"Father want you, eh? That doesn't happen very often, does it?"
"No, Mr. Jasper; I don't think he ever wants me myself, but you know sometimes when Phil and I go out singing, we get quite a nice bit of money given us, and father likes that. One night he made us go into a public-house, and we got more than five shillings there. But Phil says he'll never go again; and he and father had a row about it, but Phil wouldn't give in, though father said he'd thrash him. But of course we do go into the squares and terraces, and some of the people are so kind to us; and I think, you know, Mr. Jasper, that Jesus tells them we are poor and hungry, because, you see, we tell Him about it, and then He tells them; so we always get something. But, oh! I like being here best of all;" and rubbing his cheeks against the old man's knee, by way of a farewell, the child ran quickly out of the shed, and up Preece's Place, to his own home, where, as he expected, he found Phil and the soup.
Not again that day did he visit his friend; so Jasper finished his sorting alone, and then clearing up his place a bit, and shutting his doors earlier than usual (for these December nights were sharp and cold), he drew his chair close to the stove, put his lamp on the shelf just behind, and with almost trembling hands took down the Bible.
It was long years since he had opened it, and its pages were yellow and brown, not, indeed, from use, but from age; for it had been his father's before him. The book was open just as Rob had left it after his fruitless search, and surely it was not by accident, but by God's own loving arrangement, that Jasper, when he had put on his glasses, and glanced down at its pages, read, "The Book of the Prophet Isaiah."
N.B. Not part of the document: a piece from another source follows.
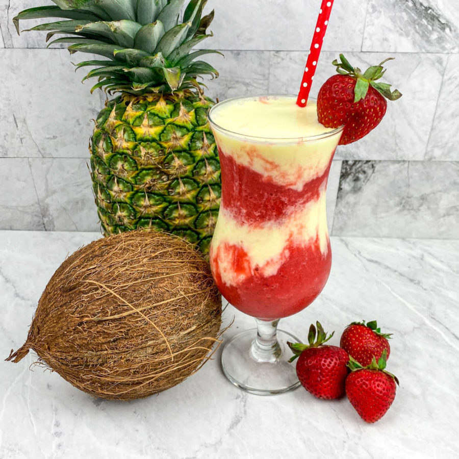 Rather than being a distinct recipe, the Miami Vice is a layered combination of two popular beachy cocktails: Frozen Strawberry Daiquiris and Frozen Pina Coladas.

A verse or two at the beginning he read, and murmuring, "I can't make anything of this," was just going to turn over when his eye caught the words, "Wash you, make you clean," and for a moment he stopped. "The same old story again," he muttered, but almost in the same breath there came an explanation, for there, just below, were the very words Rob had repeated, "Come now, and let us reason together, saith the Lord; though your sins be as scarlet, they shall be as white as snow; though they be red like crimson, they shall be as wool." With almost a nervous clutch he held the book nearer to the lamp, to make quite sure. Yes, there they were; Rob was right, and glancing up for a moment, as if to try and think it out, his eyes fell once more on the text Rob had brought him two or three weeks before: "He careth for you."
"Well, really it seems like it," he said to himself, "if He'll do so much for anybody as to make 'em clean;" and for a long time he sat lost in thought over these two wonderful messages from God to him. "But I can't see how it comes about: I'm down here in my old shed, and the Lord's up in heaven, a mighty way away; and yet those boys often tell me He's here! Anyhow, it don't seem much like it! I wish I knew things rightly;" and Rob's words came back to him, "I suppose, Mr. Jasper, you'll soon have to die?"
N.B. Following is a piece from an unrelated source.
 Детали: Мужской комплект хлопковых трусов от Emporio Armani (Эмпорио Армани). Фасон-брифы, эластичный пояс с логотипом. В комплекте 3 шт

It was a terrible thought; but he faced it then. "Yes; I shall have to die, and I daresay I shall be all alone in this dark place when I do die; and I'm afraid of the thought, I'm afraid to meet God; and why? Because of sin."
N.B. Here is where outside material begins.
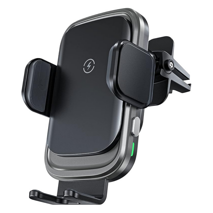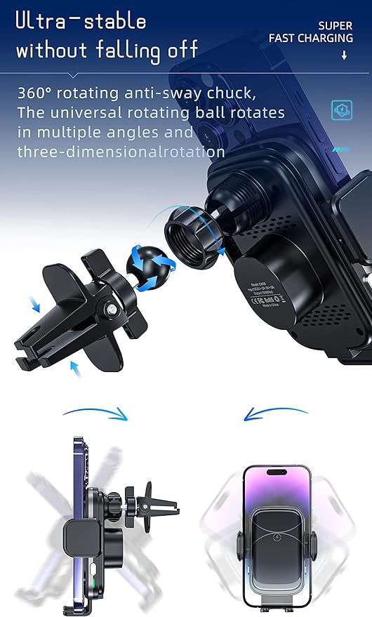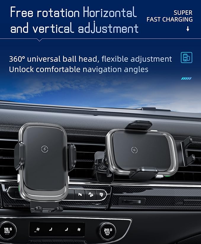 The Tigratigro Qi Wireless Car Charger delivers efficient 15W fast charging while securely holding your phone with its advanced anti-shock system. Designed for convenience, it offers 360° free rotation, allowing optimal viewing angles for safer driving. This charger combines reliable power delivery with stability, ensuring your device stays charged and accessible on every journey.

Yes, he knew it now; it had come to him he hardly knew how. Partly by the boys' talk, maybe; partly by God's Spirit working in his heart; and as he sat there by the dying fire and the fading light, a great fear came over him, a fear that must come to every man who thinks of God apart from Christ, and knows not that the God who hates sin is the God who so loved the sinner as to give His only begotten Son, that all through Him might be saved. Yes; the God that Jasper feared, as he sat thinking late into the night, was the God who was in Christ, reconciling the world unto Himself, not imputing their trespasses unto them.